Water Balance for the Protection of Natural Features
Urbanization can cause detrimental changes to the hydrology of natural features, such as wetlands, woodlands and watercourses. These changes are manifested as serious problems such as significant vegetation shifts, altered habitat conditions, and flooding and erosion issues. Toronto and Region Conservation Authority (TRCA) and Credit Valley Conservation (CVC) are working together to better understand these processes and mitigate the impacts.
The featured pictures depict the effects that changes in hydrology can have on natural features. Left: major erosion issues in an ephemeral stream caused by inflows from a stormwater pond; Top Right: Red-osier dogwood swamp thicket decline in a Provincially Significant Wetland following flooding due to stormwater flows; Bottom Right: Photo of a woodlot that suffered from canopy die-back, windthrow, and secondary diseases following urban development within the catchment. A watercourse historically traversed the woodlot (black arrow), but now all flow is diverted to catchbasins (red circle) and sewers.
Hydrology is a key factor that determines a natural feature’s ecological composition, structure and function. The physical and functional characteristics of a natural feature are determined based on its particular combination of key environmental variables (e.g. climate, geology, hydrology, landform, soils, and disturbances). The many combinations of these variables are what results in woodlands, wetlands and watercourses, the array of communities they contain, and the functions and ecological services they provide.

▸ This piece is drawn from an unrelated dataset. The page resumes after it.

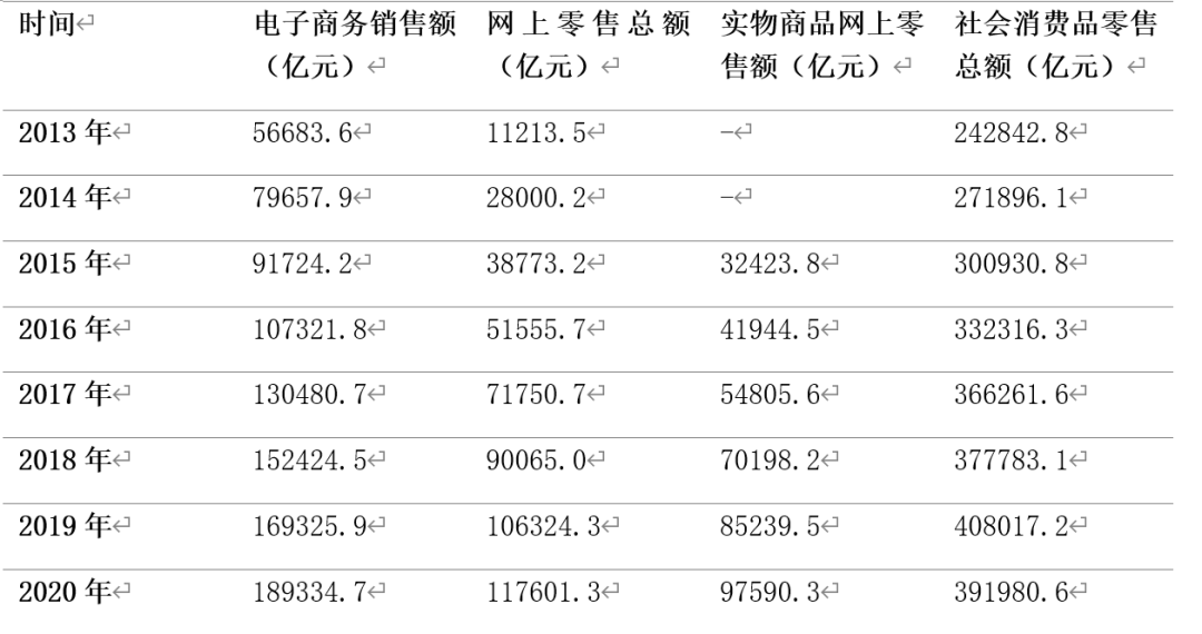 近年來我國互聯(lián)網(wǎng)產(chǎn)業(yè)呈現(xiàn)高速發(fā)展態(tài)勢,網(wǎng)民數(shù)量與互聯(lián)網(wǎng)普及率不斷增長,為網(wǎng)絡(luò)購物奠定了龐大的用戶基礎(chǔ)。數(shù)據(jù)顯示,截至2020年3月,我國網(wǎng)民規(guī)模達(dá)9.04億人,互聯(lián)網(wǎng)普及率為64.5%,較2018年底提升4.9個(gè)百分點(diǎn)。與此同時(shí),電子商務(wù)市場規(guī)模也在不斷增長。2020年,電商領(lǐng)域總就業(yè)人數(shù)達(dá)到6015萬,較2019年增長約17.35%,預(yù)計(jì)到2025年將達(dá)到7000萬人。此外,2021年上半年,我國電商用戶達(dá)8.12 億,較2020年12月增長2965萬。2020年網(wǎng)上零售額為11.76萬億元,是2013年的10.5倍,占社會消費(fèi)品零售額的比重由2013年的5%增長到2020年的30%。《2021年中國電商年度發(fā)展報(bào)告》顯示,今年前三季度我國網(wǎng)上零售額達(dá)9.19萬億元,同比增長18.5%。

Hydrology directly affects the physicochemical properties of natural features including oxygen availability, salinity, toxins, sediment movement, detritus, and soil composition.

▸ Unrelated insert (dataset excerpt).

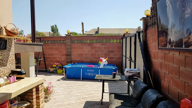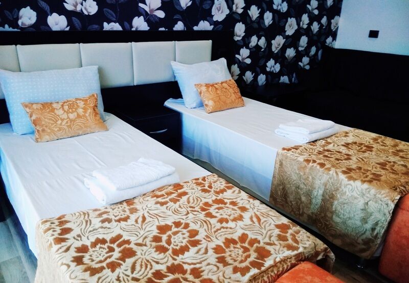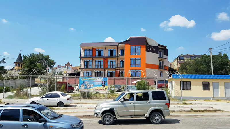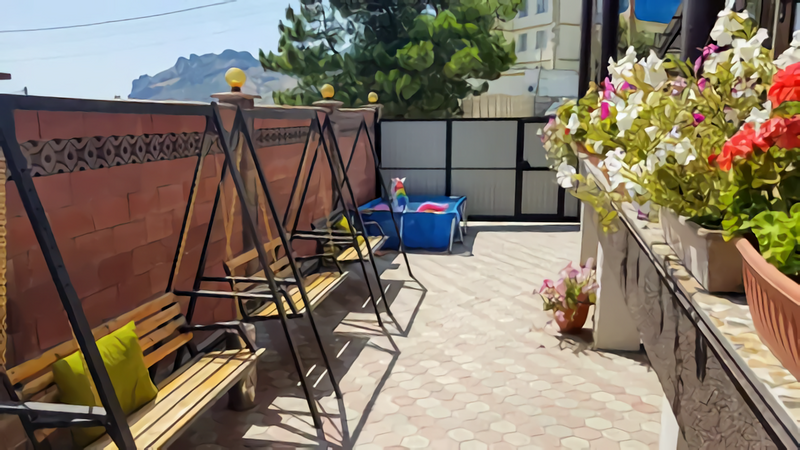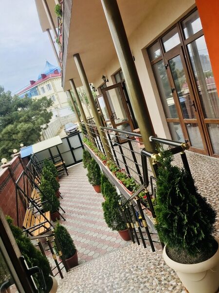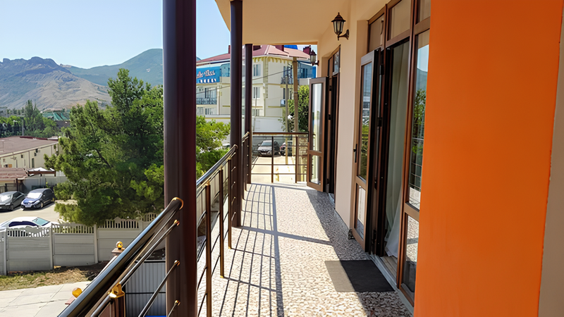 Сам гостевой дом представляет из себя трехэтажный корпус, который разместился на главной улице поселка - улице Ленина. Жилой фонд рассчитан на 66 человек и предлагает двухместные номера Стандарт, в каждом из которых есть индивидуальный санузел, кондиционер, электрочайник и телевизор.

Because hydrology is important to natural feature functions, changes in hydrology can result in negative impacts to these features. Largely due to the increase in impervious surfaces, development within a feature’s catchment can cause decreases in infiltration and evapotranspiration, and large increases in runoff volume. Developments that extract or divert groundwater from natural features can also be problematic. Depending on the development form, design and construction, some natural features may become wetter, while others may become drier following land use change or development. These changes in hydrology can cause changes in quantity, quality, volume, duration, frequency, timing and spatial distribution of water input, which in turn cause changes in vegetation communities, habitat conditions, flooding and erosion.
Measures to protect the existing water balance are necessary when there is likelihood that a proposed development will impact the hydrological functions of a feature. A water balance analysis is required in order to demonstrate that hydrological regimes and hydroperiods will be maintained in the post-development scenario.
A number of partners have been working on various initiatives to advance our understanding of the hydrological impacts of urban development on natural features. For more information on these initiatives, select at category from the right side bar.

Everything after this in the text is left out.